Installing rain gardens helps to slow the flow of stormwater runoff, reducing the amount of pollution from reaching streams, lakes, ponds and oceans. These are just one of the ways that Columbia Association (CA) is protecting and restoring Columbia’s watersheds, and it’s something residents can do on their own land, as well.
A rain garden involves strategically planting and placing a combination of plants and river rocks to filter water and slowly release it into the ground. While there are several rain gardens in Columbia’s open spaces installed by CA, it is also important for Columbia residents to get involved by having rain gardens on their property. To assist in this effort, CA has established its Rain Garden Cost Share Program.

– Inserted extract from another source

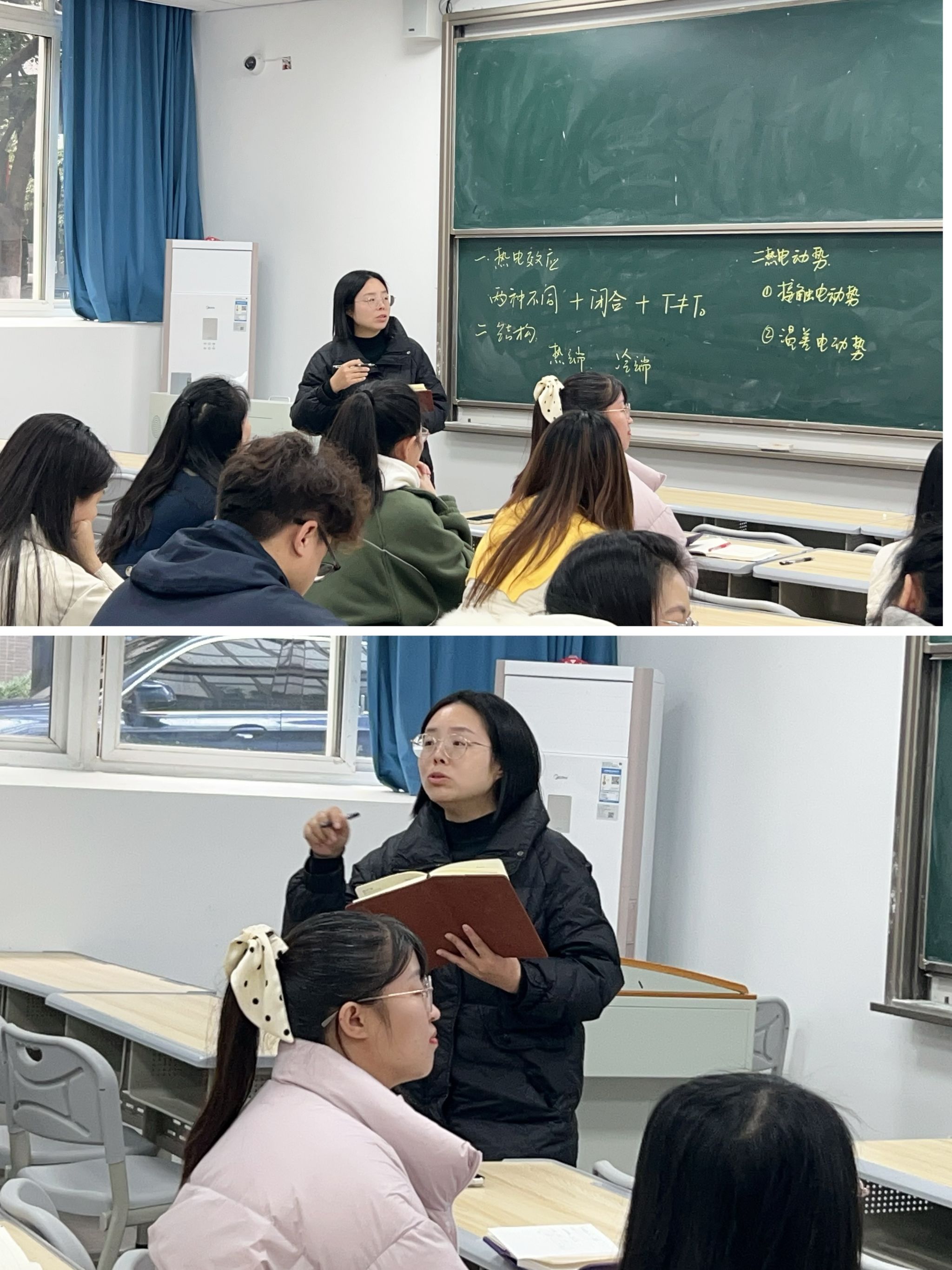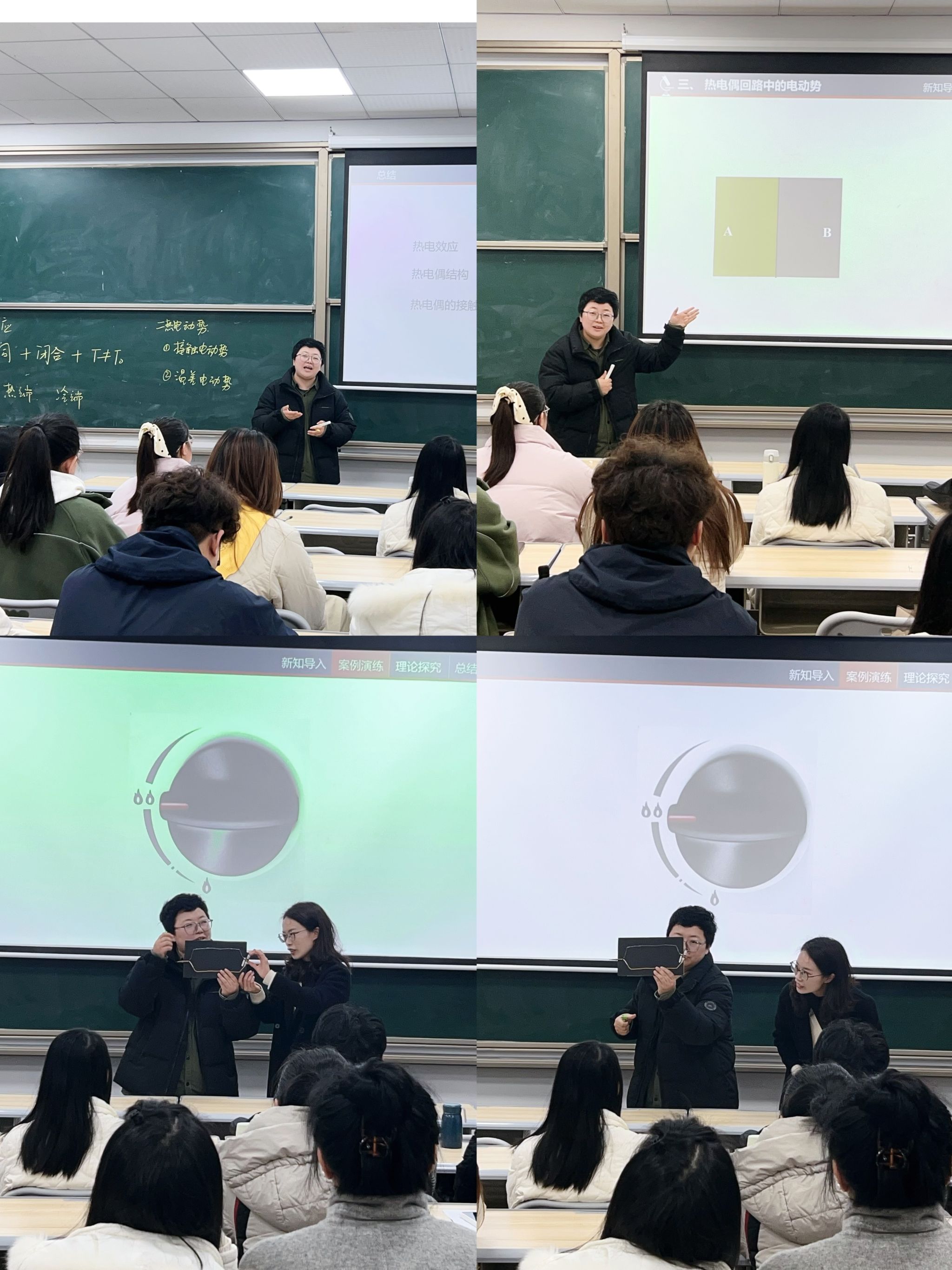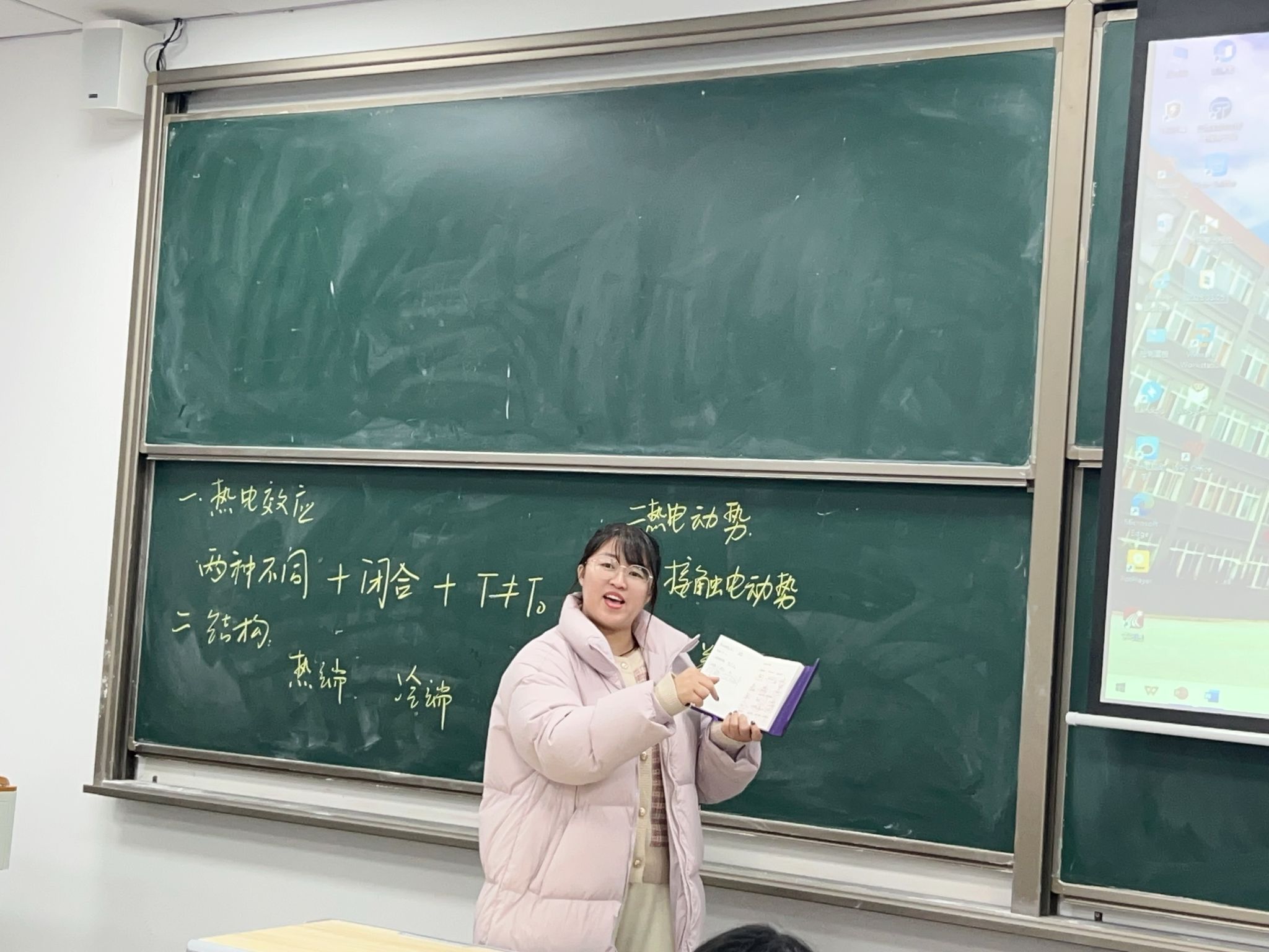 程彩铃老师在 2024 年青年教师竞赛理科组中荣获第一名,教学经验丰富、成果显著。本次分享会,程老师以《将相和—热电偶》为主题展开示范课,她结合自身丰富的备赛与教学经验,深入浅出地讲解教学的各个关键环节。为了让老师们更直观地理解课程内容,程老师还别出心裁地制作了简易道具,将复杂的教学内容直观呈现。这种新颖的教学方式让课程生动有趣,赢得了在场教师的一致好评。
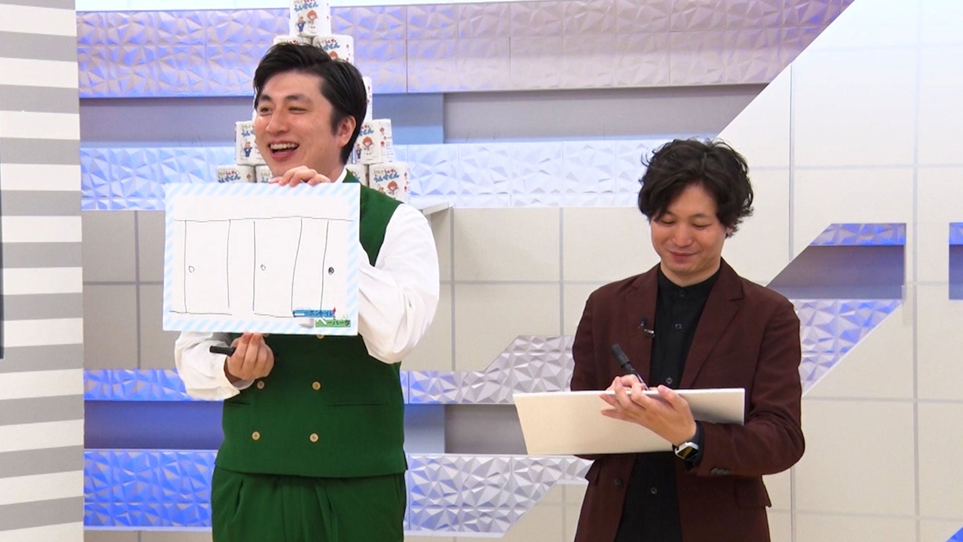 まず紹介されたのが、映画『PERFECT DAYS』でも取り上げられ、世界的な話題となった渋谷区の公共トイレ「THE TOKYO TOILET」プロジェクト。読み方について天の声(スパイク・松浦)がボケるという展開に、小林は「え!そっち側がボケんの(笑)?」と戸惑いの様子も見せつつも、半透明トイレや吉野杉を使ったトイレなど公共トイレとは思えないオシャレすぎるトイレの数々に、ランパンプス2人も驚きの表情を浮かべます。

Using a grant funded by the Maryland Department of Natural Resources, CA will pay 75 percent of the installation cost of a rain garden for interested residents in the villages of Owen Brown, Long Reach and Wilde Lake.
Duane St. Clair, a local blogger (hococonnect.blogspot.com) and resident of Owen Brown, recently had a rain garden installed through CA’s Rain Garden Cost Share Program. St. Clair said he had the garden installed “to enhance the beauty of my yard and help with a drainage problem after thunderstorms.”
“The problem starts with us. Our lawns contribute to the pollution of our lakes and the Chesapeake Bay,” he said. He added that the process of getting the garden installed was easy. “I have mentioned [rain garden installation] to many people directly and through my blog.”